The moment the pen left the paper, the woman in scarlet lipstick snapped the folder shut with a satisfied click.
“Good,” she said smoothly, tucking it under her arm. “From this moment on, you don’t exist. You will keep silent, stay invisible, and never—ever—be seen with him again.”
Her gaze cut toward Jiwon. “You. Back to rehearsal. We’ll spin this before it destroys us.”
With that, the suits and their commander swept out, heels echoing against the marble until the door slammed shut behind them.
And just like that, it was only the two of them.
Silence stretched, thick and suffocating.
She stood frozen by the table, hands trembling at her sides. He sat across from her, still as stone, eyes unreadable. For a moment, she wondered if he would ignore her completely. Pretend she was already erased.
Then his voice sliced through the quiet.
“You shouldn’t have been there.”
Her head snapped up. “Excuse me?”
His gaze locked on her, cold and unflinching. “If you hadn’t been in that alley, none of this would’ve happened.”
Her chest tightened. The anger she’d been holding back since the night before finally snapped free. “I was going home from work. I didn’t ask for any of this. You ran into me.”
He flinched almost imperceptibly, but his jaw hardened. “Doesn’t matter. Now your face is tied to mine. Do you have any idea what that means?”
“Yes.” Her voice shook, but she forced herself to hold his stare. “It means I get to be hated by millions of strangers for something I didn’t even do.”
For the first time, his expression cracked. Something flickered in his eyes—guilt, maybe, or recognition—but it was gone before she could be sure.
He stood suddenly, the chair legs scraping against the floor. In two strides he was in front of her, his height forcing her to tilt her head back.

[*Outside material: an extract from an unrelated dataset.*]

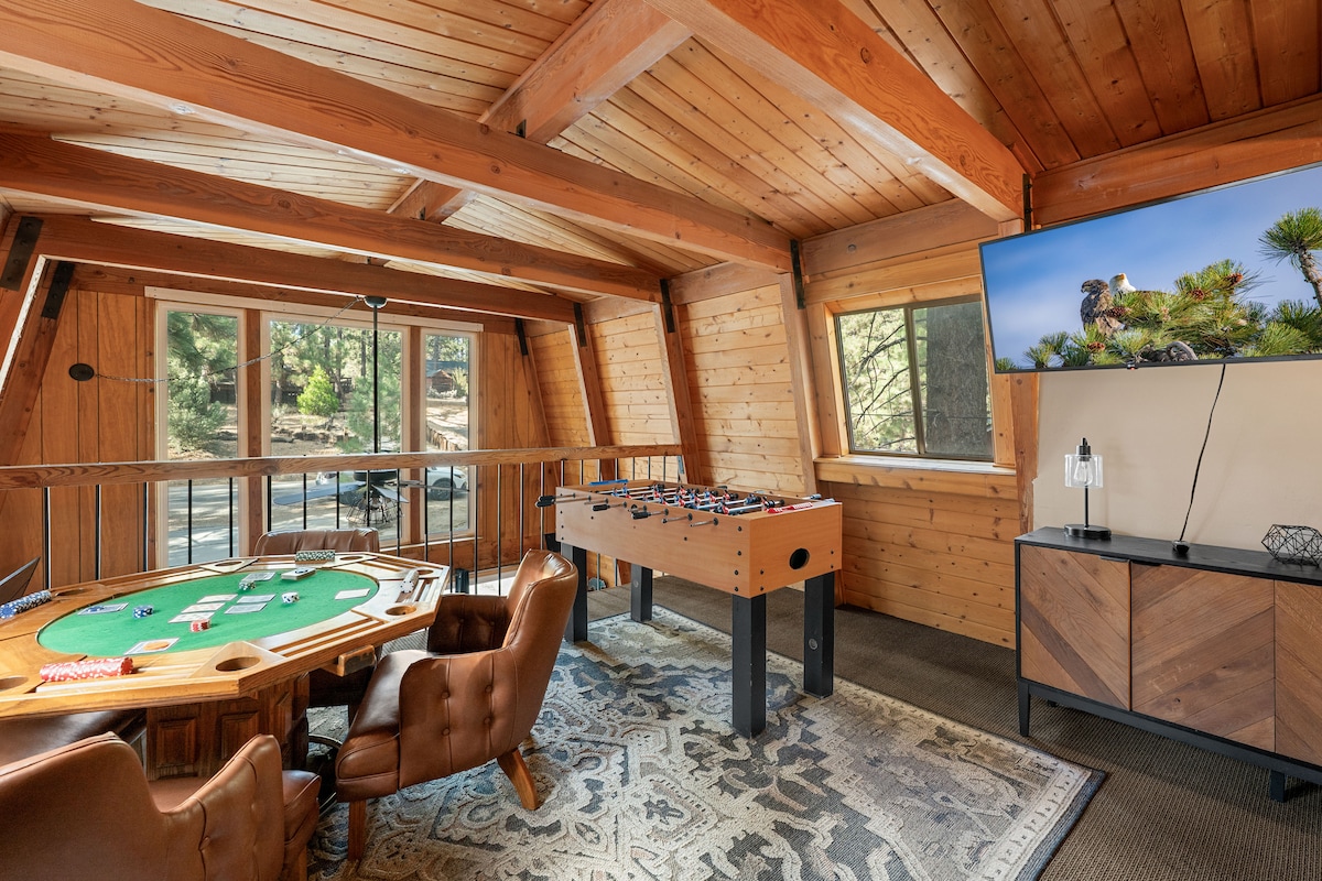 The Bear Mountain Hangout: Cabaña de estilo✔ Gambrel ✔ 3 dormitorios y 2 baños. ✔ Chimenea ✔ Bañera. Lugar para hacer fogata de ✔ propano ✔ Mesa de futbolín ✔ Mesa de póquer ✔ Capacidad para 8 personas. ✔ Se admiten mascotas ✔ Calefacción centralizada Wifi ✔ de alta velocidad. ✔ 2 plazas de estacionamiento ✔ Televisores inteligentes Atracciones cercanas: ✔ Snow Play (tubos de nieve y actividades invernales) ✔ Centro de convenciones (eventos y espectáculos) ✔ Big Bear Lake (deportes acuáticos, pesca y senderismo) ✔ The Village (compras y restaurantes) ✔ Pistas de esquí: montaña, cumbre de nieve, valle de nieve (esquí y otros deportes de invierno)

“Listen to me, Malina.” His voice was low, dangerous, but softer than it had been in the alley. “If you want to survive this, you stay quiet. Don’t talk. Don’t post. Don’t breathe unless I tell you. Understand?”
Her pulse raced. His nearness was suffocating, infuriating. She should have been afraid. Instead, something hot and electric coiled in her stomach.
“I’m not your puppet,” she whispered.
His lips curved—not into a smile, but into something sharper. “You’re right. You’re worse.”
Her brows knit. “Worse?”
His eyes darkened. “You’re my accident.”
Her breath caught, her body betraying her with a shiver she couldn’t suppress.
And then, just as suddenly as he’d stepped into her space, he pulled back, mask of indifference snapping back into place. “Stay out of my way.”
He left without another word, the door slamming shut so hard the glass walls trembled.
Malina sank into the empty chair, her heart still racing, his words echoing inside her chest.
You’re my accident.
But deep down, she already knew accidents had consequences.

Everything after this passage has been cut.